Chemically, they change the mineral content of the soil. For example, deeply rooted weeds, such as comfrey, accumulate minerals. They are, in essence, mining the valuable nutrients from deep within the earth and making them available to the plant community. Some of these accumulators will share minerals via the root systems or with the help of processing by worms and soil organisms, and others will release chemical compounds as they decompose. Imagine that some of the weeds growing in your garden right now will be providing exactly what the soil needs to sustain next year’s seeds.

Northern California farmer Bob Cannard explains his philosophy on farming with weeds in a video series called “Our Relationship with Weeds,” produced by Purdue University Extension. He says that half of what grows on his land is for people, and half is for nature. His crop of amaranth weeds will give the birds lots of seeds to eat, and they are part of the overall digestive system that is an integral part of his operation. “Weeds are No. 1,” he says. “Vegetables are a secondary response to having good soil and a good digestive system.”

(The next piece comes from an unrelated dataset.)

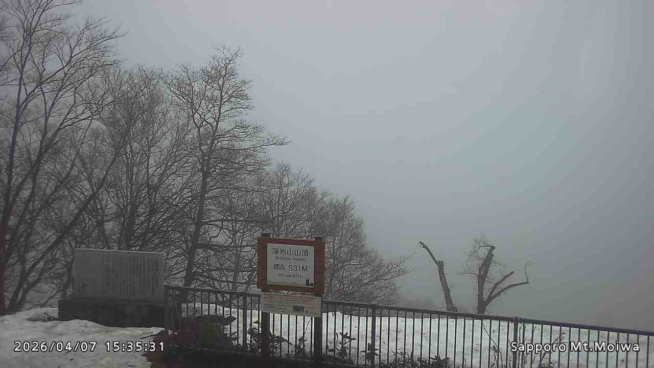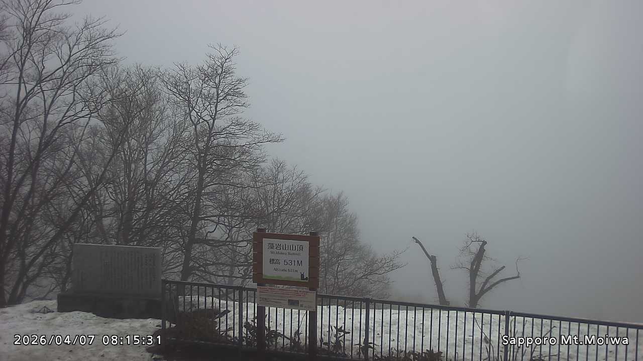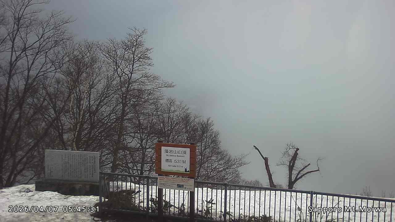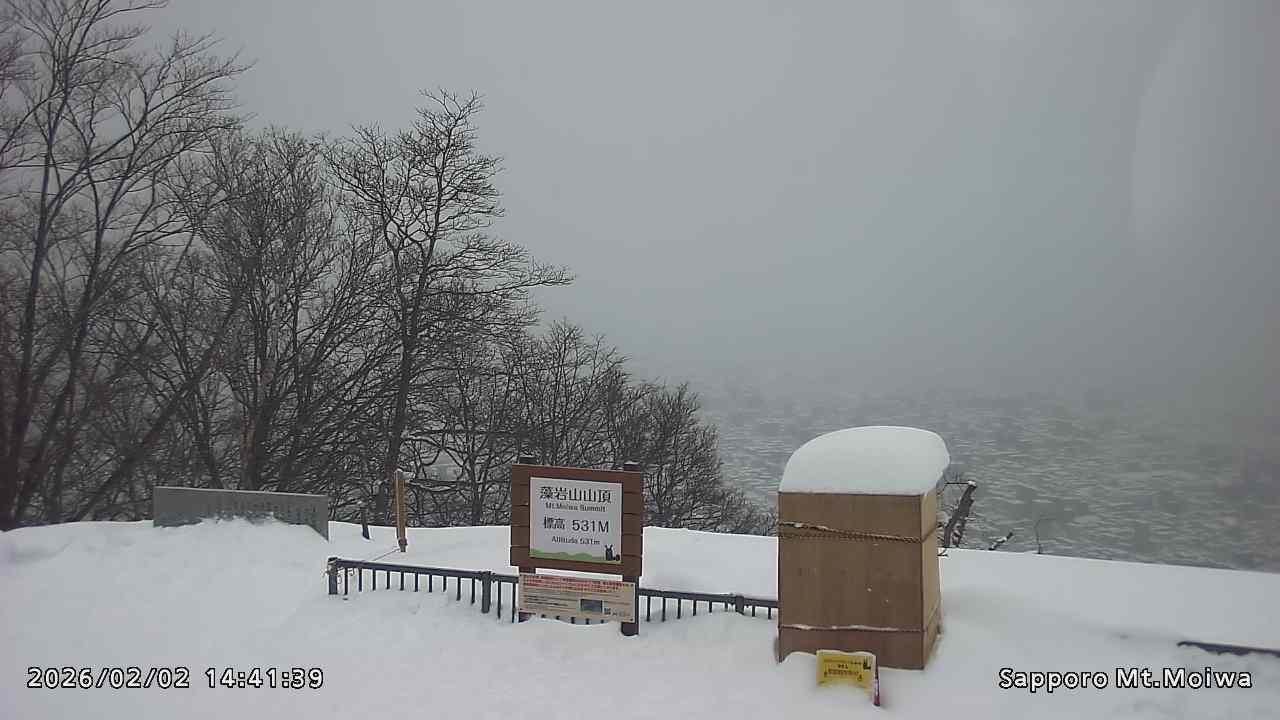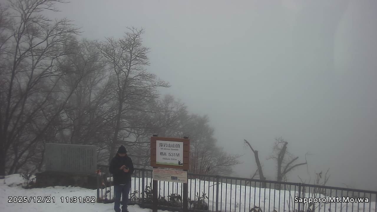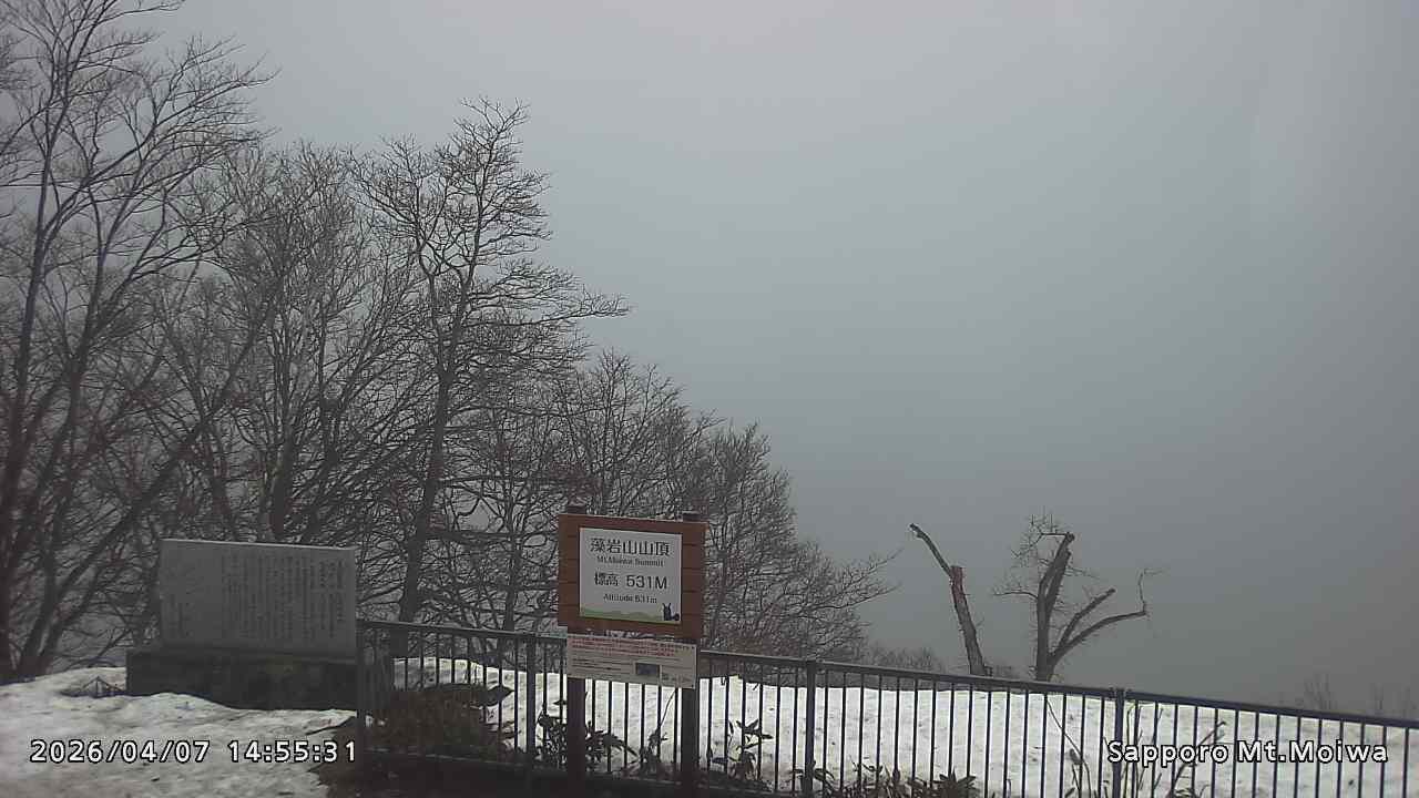 もいわ山山頂の標高看板前にカメラを設置しています。

How Long Do You Plan To Stay?

Cannard says the key to living harmoniously with weeds is timing. In a video from the same series, Johnson shares his point of view: “The fundamental practice of dealing with weeds here is to understand them, to observe them, to see how they grow, when they grow, when they make seed, to understand their whole rhythm, their whole cycle,” he says. “Then, to intervene at that right moment when they produce the most biomass.”

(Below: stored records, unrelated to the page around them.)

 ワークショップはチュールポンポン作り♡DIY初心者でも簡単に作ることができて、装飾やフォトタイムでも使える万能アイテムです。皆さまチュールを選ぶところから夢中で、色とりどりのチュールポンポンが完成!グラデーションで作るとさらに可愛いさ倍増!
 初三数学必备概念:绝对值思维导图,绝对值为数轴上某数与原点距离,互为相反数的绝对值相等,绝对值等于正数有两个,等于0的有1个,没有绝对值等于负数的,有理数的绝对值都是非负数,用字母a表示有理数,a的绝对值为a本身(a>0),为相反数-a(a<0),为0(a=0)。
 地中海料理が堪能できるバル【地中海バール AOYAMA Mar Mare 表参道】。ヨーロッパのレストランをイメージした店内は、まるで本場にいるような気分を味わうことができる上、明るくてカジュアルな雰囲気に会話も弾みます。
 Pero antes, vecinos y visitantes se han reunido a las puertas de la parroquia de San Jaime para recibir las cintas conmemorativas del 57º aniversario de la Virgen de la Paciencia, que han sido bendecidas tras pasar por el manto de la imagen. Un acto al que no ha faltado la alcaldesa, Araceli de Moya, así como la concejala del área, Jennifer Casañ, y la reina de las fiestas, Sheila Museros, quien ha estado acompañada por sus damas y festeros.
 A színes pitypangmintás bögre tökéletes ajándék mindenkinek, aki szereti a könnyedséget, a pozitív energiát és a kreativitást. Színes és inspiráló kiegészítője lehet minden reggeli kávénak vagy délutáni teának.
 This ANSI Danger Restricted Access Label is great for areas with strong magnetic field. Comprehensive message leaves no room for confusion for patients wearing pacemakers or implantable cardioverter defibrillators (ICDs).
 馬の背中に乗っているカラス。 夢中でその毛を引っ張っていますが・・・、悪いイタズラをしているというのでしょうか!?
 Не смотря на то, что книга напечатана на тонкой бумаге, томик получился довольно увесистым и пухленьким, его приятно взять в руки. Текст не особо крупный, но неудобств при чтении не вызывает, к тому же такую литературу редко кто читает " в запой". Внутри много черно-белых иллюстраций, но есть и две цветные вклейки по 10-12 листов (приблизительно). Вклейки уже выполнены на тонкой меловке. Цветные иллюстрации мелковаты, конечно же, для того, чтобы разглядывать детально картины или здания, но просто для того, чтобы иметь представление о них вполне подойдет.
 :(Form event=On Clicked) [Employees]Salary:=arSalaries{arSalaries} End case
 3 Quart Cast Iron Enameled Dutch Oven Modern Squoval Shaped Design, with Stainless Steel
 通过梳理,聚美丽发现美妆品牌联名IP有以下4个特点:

Cannard prefers to let his weeds live a long, full life and then “die of contentment,” as he puts it. In the meantime, he strategically uses them to benefit his own food production, such as allowing buckwheat to protect his peppers from sunburn and shade his lettuce to keep it from bolting early.

Watching when the plants flower, anticipating when seeds will mature, understanding how the plants spread and sensing how much growth you are comfortable allowing is a matter of observant interaction with your farm or garden. The side benefit to being this closely involved with your land is the valuable information you’ll gather, which will inform better decision-making for the entire system.